If you have recently attend events on corporate digital communication, you will undoubtedly have noticed that there is really only one topic on the agenda: ‘social collaboration‘.

The format for these events is pretty predictable. First the thought-leader confirms why we must all go social, then an organisation show-cases (or shows off!) their social collaboration platform and lastly the vendor (sponsor) takes a few minutes to explain how their platform can deliver the new ‘digital workplace’ straight out-of-the-box.

The first question from the audience is also pretty predictable: what measurable result did this collaborative utopia bring to the business?

Unfortunately, that is when the organisation (and some of the vendors) come unstuck and more often than not bring out the statistics:….more than so many thousand active profiles, over 1,000s of groups and communities, and more than a million posts, etc., etc. Alternatively, out come the results of the latest employee survey, normally concluding that “the employees using the platform feel x% more engaged than those not using the platform”.

Interesting stuff. Essentially, these figures do show that people are using the platform, that they are socialising and interacting and that the interaction can lead to improved employee engagement, which is essential to any successful organisation wanting to keep its best staff.

However, what is so frustrating for me is that none of the organisations or vendors talk about tangible business benefits. Surely, if you are going to invest in a new way of working you would expect measurable, financially beneficial results?! Dont we expect 1+1 to equal 3 if we go down the social collaboration route?

In my opinion, the reason why most organisations and vendors find it hard to be specific about the tangible business benefits is because there is still too much focus is on the ‘social’ and not enough on the ‘collaboration’.

Don’t get me wrong, conversations are good. They can cross cultural divides, make distance irrelevant, build team spirit and create a sense of belonging. It is also a great way to get people to use (and get comfortable with) the platform provided. But it is not to be confused with ‘collaboration’ and, I would argue, that it is in the collaboration where you get the tangible benefits.

In order to make collaboration successful, an organisation needs to have clearly defined objectives and establish the KPIs to measure them. The outcomes might include one or a combination of the following: innovation, cross-selling, knowledge sharing, growth, increased profitability, improved customer service, faster on-boarding.

Once the objectives have been clearly defined, organisations need to provide their people with the tools to collaborate and work effectively. It is essential that your chosen collaboration platform is seamlessly integrated with the other tools (e.g. ERP, CRM, file servers, email, etc.) that your team needs to perform their day-to-day tasks.

And as a prerequisite to it all, the organisation has to have the right culture and drivers in place. Social collaboration doesn’t just come about by buying a few user licenses, or as Oliver Marks summarised it is his blog “buying a toolkit doesn’t make you a mechanic“. Successful social collaboration requires an organisation to already understands and embraces the spirit of traditional collaboration, from the top down. Without this, understanding social collaboration is like trying to understand a foreign language and what will they do instead? Two outcomes: revert to chatting or do nothing at all (the most common failing of social collaboration platforms is inactivity).

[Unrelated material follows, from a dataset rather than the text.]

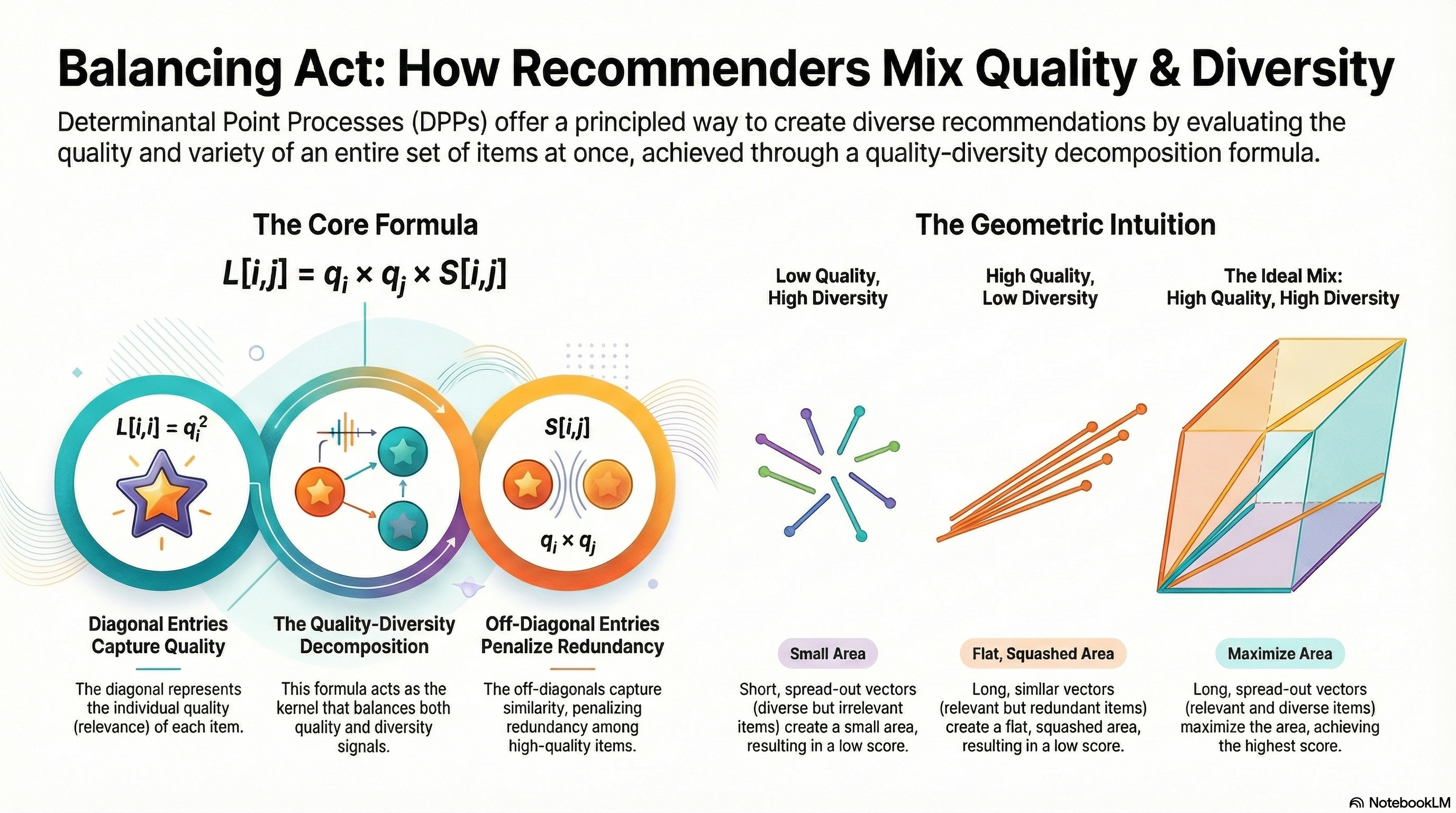 The key advantage of DPPs is that they give you a mathematically principled way to balance quality and diversity, backed by decades of research in probability theory. Once you understand the volume-based intuition, the system becomes just as interpretable as MMR but with stronger theoretical guarantees.

Let me substantiate the above with a practical example: a client of mine defined one of the objectives of social collaboration as ‘improving profitability through better customer service and feedback’. Traditionally customer complaints were dealt with through a system of reporting. The customer-facing staff would report a product complaint to their line manager, who in turn would report it to his/her director, who in turn would report to the buying director, who would pass it down the chain to the specific product buyer who would finally discuss it with the supplier of the product in question and pass the answer back up the chain…Phew. I almost lost my train of thought twice writing that.

This process was resulting in numerous customer complaints being missed or going without action. Faulty stock was going to waste because nothing was done about it as no one knew why it wasn’t selling.

On the positive side, the organisation had an incentive system in place to motivate staff to report product complaints and feedback. So it had an excellent ‘driver’ to help achieve the objective.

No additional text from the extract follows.